Looking for a theme for your September reading? How about this: stories and knowledge. This month sees the publication of some eagerly anticipated novels, including new titles from two of the world’s most decorated writers, Colson Whitehead and Karl Ove Knausgaard. And if your tastes lean more toward nonfiction, September also has some fascinating insights into how things work, from the human body to the effects of the pandemic on the world’s economy. Whatever you’re in the mood for, odds are good that this month has something you’ll find compelling in store.
Pump: A Natural History of the Heart by Bill Schutt (Sept. 21)
How do you follow up acclaimed books about blood and cannibalism? If you’re Bill Schutt, you get to the heart of the matter by taking a very literal route. Pump is a comprehensive look at the heart, covering its role in the human body and culture as well as its biological function across a wide variety of species. There’s a reason why the heart has long fascinated poets and physicians alike; this book offers a detailed explanation of why.
The Actual Star by Monica Byrne (Sept. 14)
Over the years, a number of writers have taken the idea of telling an epic story across distinctive time periods and run with it. That same description applies to the likes of Alan Garner’s Red Shift, Namwali Serpell’s The Old Drift and David Mitchell’s Cloud Atlas. With her new novel, Monica Byrne joins that company and tells an expansive story that hearkens back to the days of the Maya civilization and then hurtles forward into the future.
Inter State: Essays From California by José Vadi (Sept. 14)
In the last 100 years, California’s history has encompassed labor unrest, natural disasters and a massive tech boom. What are some of the threads that bind those fractured histories together? In his new essay collection Inter State, José Vadi offers a distinctive perspective on the past, present and future of the Golden State.
The War for Gloria by Atticus Lish (Sept. 7)
Atticus Lish’s first novel, the award-winning Preparation for the Next Life, told the story of an unconventional romance and blended empathic tenderness with an exploration of trauma. With his latest novel, he returns to some of those same themes in a new context, focusing a young man’s coming of age as he deals with his mother’s terminal illness and his father’s deceptions. It’s a deeply felt, often unpredictable work of fiction.

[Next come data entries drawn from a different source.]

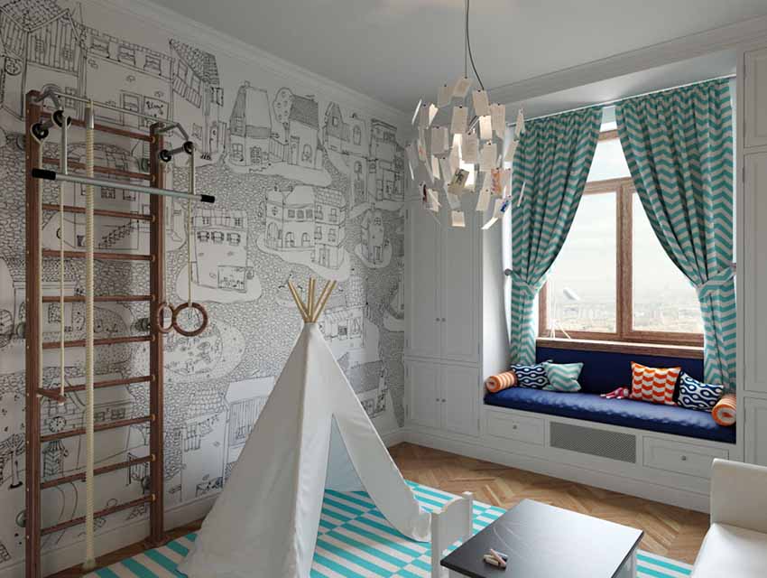 What can be the design of wallpaper in a children's room for a boy
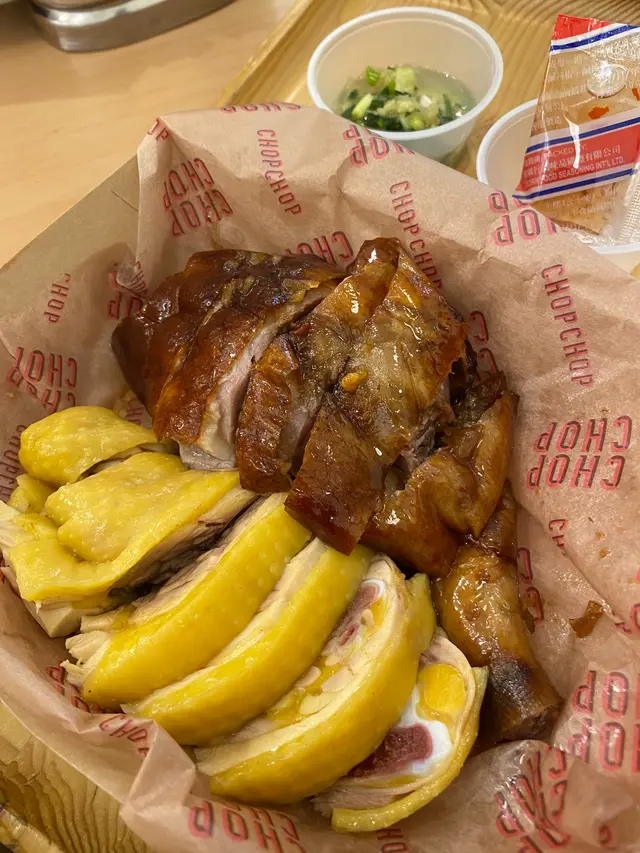 最後忍唔住都叫多份雙拼燒味,切雞加燒鵝。我非常肥美多汁。他們的燒味係值得一讚!
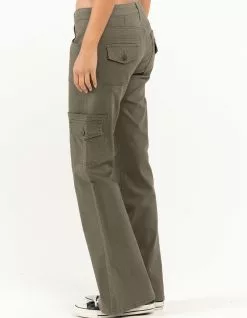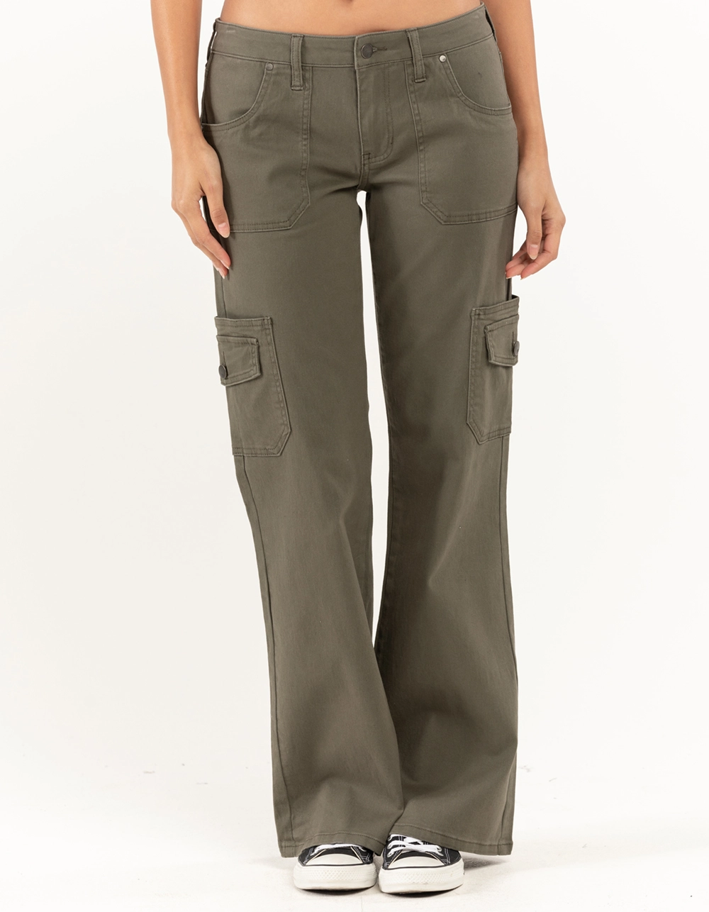 RSQ Low Rise Cargo Flare Pants. Button front with zipper fly. Rounded hand pockets. Back patch pockets and cargo pockets with button closures. Belt loop waist styling. Flared hem. Low rise. Approx. inseam: 32′. Imported.
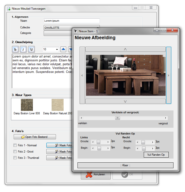 Desktopsoftware om eenvoudig snel meerdere producten, inclusief fotomateriaal, toe te voegen
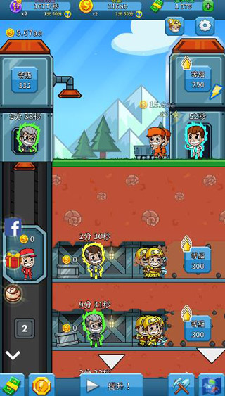 3、升级到5级的时候,大家就可以雇佣经理了,矿区经理,电梯经理和地面经理,都是一百金币,经理的作用就是一直监督工人干活,可以使玩家们不用一直点击工人干活,这个时候挂机他们也会自动干活。随着矿区2的开采,经理的雇佣价格也会相应的变高。矿屋1等级为10的时候,地下的矿中就会出现两个黄色衣服的矿工,一次可挖94个金币的矿石。

Shutdown: How Covid Shook the World’s Economy by Adam Tooze (Sept. 7)
The pandemic is far from over, but we can start to explore the ways in which it’s affected different aspects of society. With his new book Shutdown, Adam Tooze brings the same acuity that he demonstrated in his acclaimed Crashed to explore the full spectrum of COVID-19’s effects on the global economy.
Harlem Shuffle by Colson Whitehead (Sept. 14)
Colson Whitehead’s last two novels both won the Pulitzer Prize for Fiction, making him one of a handful of writers to have received this prestigious honor twice. His new book offers another journey back in time, transporting the reader to the 1960s to tell the story of a man caught between his family’s underworld ties and his own desire to make a more legitimate living. Thrilling and panoramic, this shows off yet another side of Whitehead’s immense literary talents.
The Morning Star by Karl Ove Knausgaard (Sept. 28)
Over the course of a decade, Karl Ove Knausgaard chronicled his own life and family history in the six-volume My Struggle, helping to spark debates over autobiographical fiction along the way. What’s next for him? Apparently the answer involves a journey into the uncanny. The Morning Star finds him heading into the supernatural — and if you’ve read his earlier novel A Time for Everything, you’ll know that the combination of this author and the supernatural is volatile indeed.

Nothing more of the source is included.